The words 'I don't think they'd fit you' had not quite escaped her mouth and Mulholland had collapsed into a heap on the steering wheel. She smiled at something, although she wouldn't have been able to explain what, then reached out and touched his hair. Laid her arm on the dashboard, rested her head upon it, and within ten seconds had joined him in sleep.

***

T
hree o'clock in the morning. The revelry over for the night. Strangely Barney had set the tone and the others had drifted off to bed in his wake. They had gone in ones and twos, but even the twos had split up when the upper floors had been reached, and tonight all these people slept alone.
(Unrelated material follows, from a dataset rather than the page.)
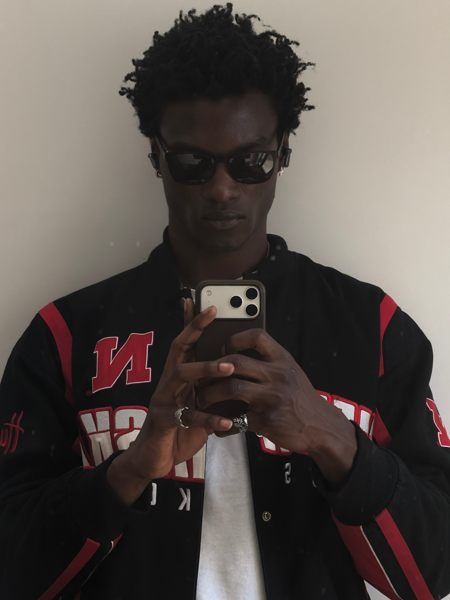 A dark-skinned person wearing sunglasses takes a selfie with a smartphone. They are wearing a black jacket with red and white detailing. They are also wearing rings on their fingers. The background is…read more

A few disappointed souls, but there remained ample time to jostle for position the next day. And, of course, one more night, when deeds would be done, agendas set and promises kept or broken.

Arnie Medlock had been the most disappointed of the lot, having considered his union with Katie Dillinger inevitable. But she had made her excuses, and he had been left alone; as alone as the others. Death and taxes, he had ruefully mumbled to himself, on finally retiring to his room. But it was not somewhere he hadn't been before, and he was confident of the following night's success. Disappointed, yet sanguine, Arnie Medlock.

And so the house slept. Most in their beds, Barney in his chair, from where he could watch the door and the window. But not, however, the secret door built into the wood panelling beside the bed.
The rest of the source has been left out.